The Mechanical Turkish Librarian?

There’s a bitter-sweet sensation that I’ve encountered periodically throughout my life when I discover that an idea I’ve had in the past for a product or service has become reality — but that someone else has made it a reality. I’m sure many other people have experienced this same feeling.

It happened again this week when I discovered the existence of a New York-based start-up called Tagasauris.com.

These folks have created a service that leverages Amazon’s Mechanical Turk service (a “micro outsourcing” service which matches businesses that need “Human Intelligence Tasks” completed with a network of digital “piece workers”) to address a challenge that I’ve been involved with for many years — adding metadata to digital images to make them more discoverable.

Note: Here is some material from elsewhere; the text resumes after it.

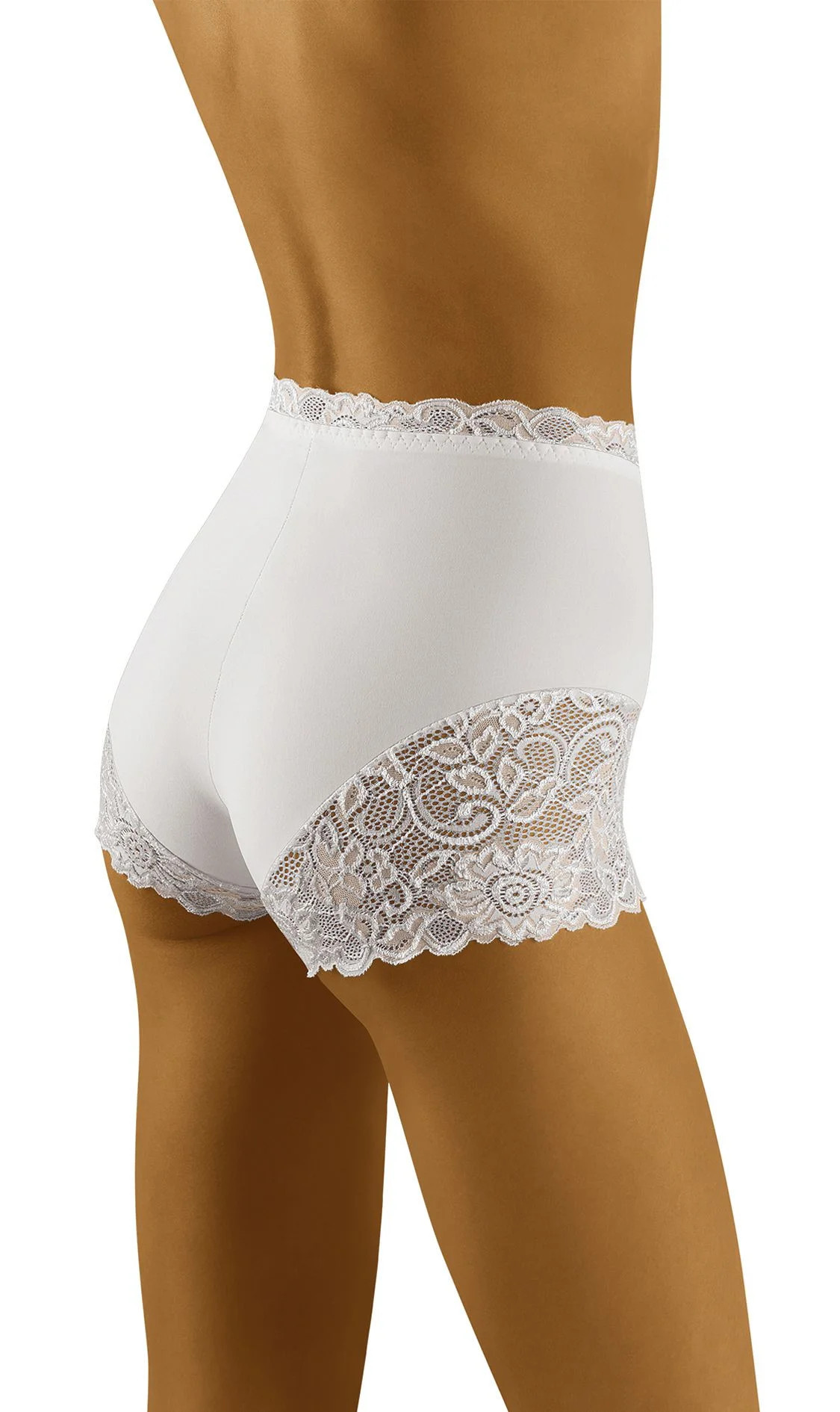 Směs ženskosti a pohodlí. Vyšší střih, krajkové nohavice, krajkový lem v pase... Tyto šortky byly vytvořeny pro ženy, které ocení spodní prádlo s vyšším, lépe stavěným střihem. Jsou pohodlné a praktické, jemně tvarují postavu. Přední a zadní strana - hladká. Složení: 87 % polyamid, 13 % elastan.

It will be interesting to see what the quality of the tagging is like, since Tagasauris is using non-professional cataloguers, whereas I’ve always worked with qualified librarians that have a deep understanding of cataloguing rules, classification schemes and controlled vocabularies. Tagasauris claims to have a sophisticated quality assurance engine to maintain a high quality of tagging.

It will also be interesting to see if they can make the service financially sustainable once the start-up funding runs out, of course!

I will be keeping an eye on them to see if “my” idea turns out to be a good one.

Moving to New York

Well, it’s official and it’s public: I’m leaving my current job at RLG and the San Francisco Bay Area and moving to New York City, to take up a post with the Andrew W. Mellon Foundation as ArtSTOR’s Director of Metadata.

I’ll be driving across the country towards the end of next month, arriving in NYC on or before 25 September. I’m planning to live in Manhattan.

I have hugely mixed feelings about this move; I’m simultaneously thrilled at the prospect of an amazing new job in one of the world’s most exciting cities, and heartbroken to be leaving my life in the Bay Area. I’m certainly going to be pretty busy for the forseeable future though.